ETFs have unlocked those benefits. As we said in the opening, lower fees and lower tax potential have driven the extra return potential of active management into the stratosphere. By using the structure, investors can actually reap the benefits. With that, many firms – not just Vanguard – have launched active bond ETFs over the last year.
Vanguard Active ETFs
These ETFs are selected based on Vanguard’s active management expertise. They are sorted by their YTD total return, which ranges between -2.5% and 1%. Their expense ratio ranges from 0.10% to 0.18%, while they have AUM between $63M and $4.1B. They are currently yielding between 0% and 5.2%.

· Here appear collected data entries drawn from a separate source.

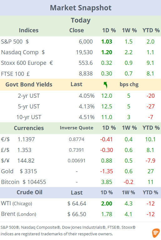 This positive data helped alleviate fears of an imminent economic slowdown after this week’s disappointing data including PMIs and the ADP jobs report. Leading US equity indices added more than 1% today to their highest level in over 3 months and the S&P 500 closed above 6,000 points. The VIX volatility index fell to 16.8%, the lowest since mid-February.
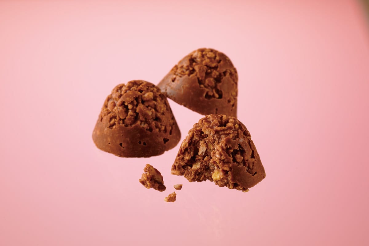 このようにクランチチョコには、食感のある素材や副材料、チョコレートの種類、形状といった複数の要素の掛け算で、豊富な種類ができあがります。
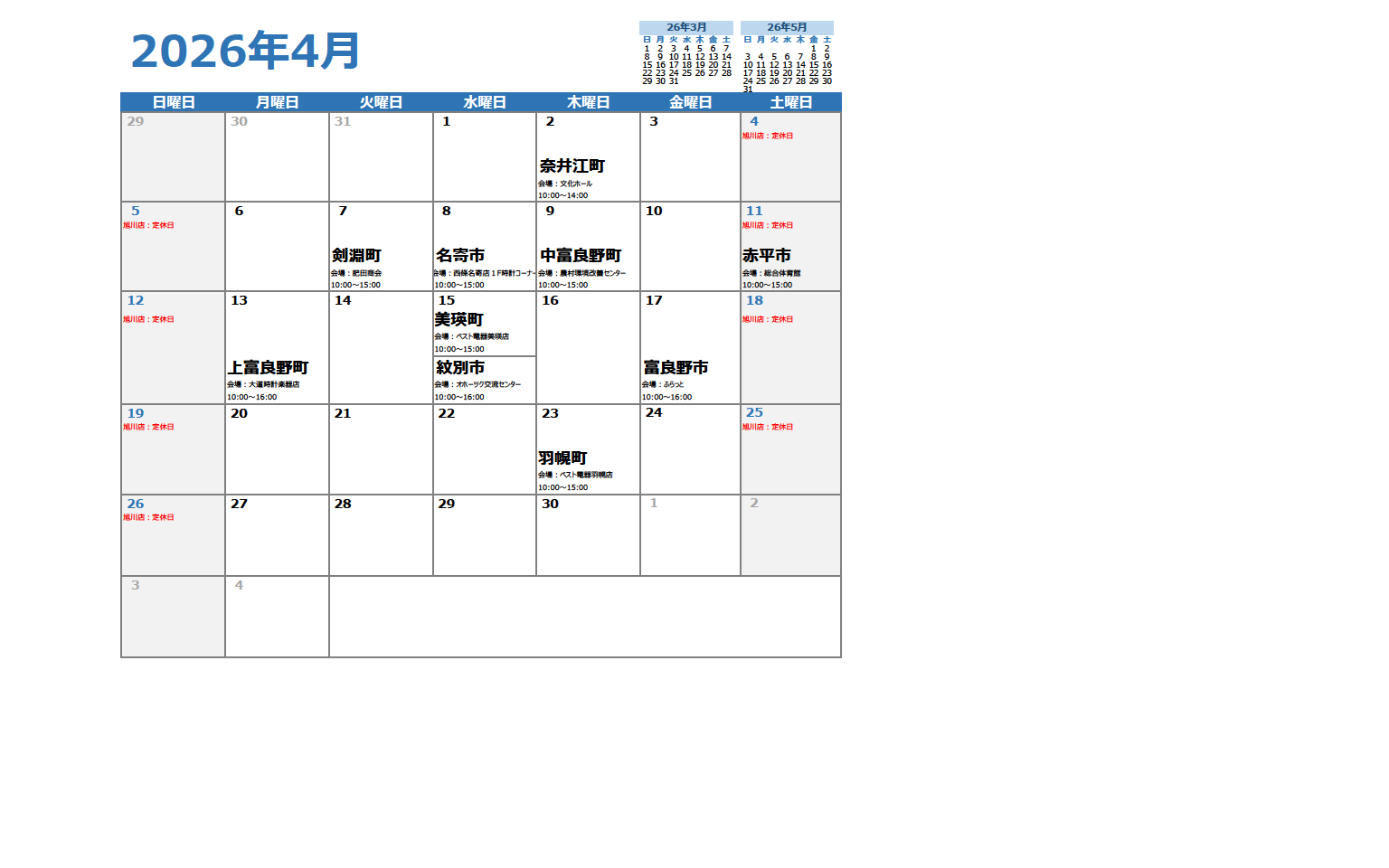 2026.4.9 相談会 【旭川店】空知②・上川・留萌・北見地方 4月相談会の日程表を更新しました。 ホーム > お知らせ > 相談会 > 【旭川店】空知②・上川・留萌・北見地方 4月相談会の日程表を更新しました。

Ticker | Name | AUM | YTD Total Ret (%) | Yield (%) | Exp Ratio | Security Type | Actively Managed? |
---|---|---|---|---|---|---|---|
VFMO | Vanguard U.S. Momentum Factor ETF | $319M | 1% | 1.1% | 0.13% | ETF | Yes |
VFMV | Vanguard U.S. Minimum Volatility ETF | $89M | 1% | 2.4% | 0.13% | ETF | Yes |
VUSB | Vanguard Ultra-Short Bond ETF | $4.09B | 0.2% | 5.2% | 0.10% | ETF | Yes |
VFQY | Vanguard U.S. Quality Factor ETF | $224M | -0.1% | 1.6% | 0.13% | ETF | Yes |
VFMF | Vanguard U.S. Multifactor ETF | $168M | -0.4% | 1.9% | 0.18% | ETF | Yes |
VCRB | Vanguard Core Bond ETF | $63M | -1.2% | 0% | 0.10% | ETF | Yes |
VPLS | Vanguard Core Plus Bond ETF | $63M | -1.2% | 0% | 0.10% | ETF | Yes |
VFVA | Vanguard U.S. Value Factor ETF | $589M | -2.5% | 2.7% | 0.13% | ETF | Yes |
In the end, Vanguard gets it. Despite being a leader in passive investing, sometimes active can be better. This is particularly true on the bond side. With that in mind, the passive pioneer has continued to adopt active ETFs across the space. Going forward, I suspect that the firm will launch more active funds covering different segments of the fixed income market.
The Bottom Line
Vanguard and passive investing go hand in hand. So, when the firm launches an active product, it’s a big deal. The firm’s latest active ETF launches underscore how active management in the fixed income space can drive real returns. In the end, it gives investors two additional tools to potentially outperform bond benchmarks.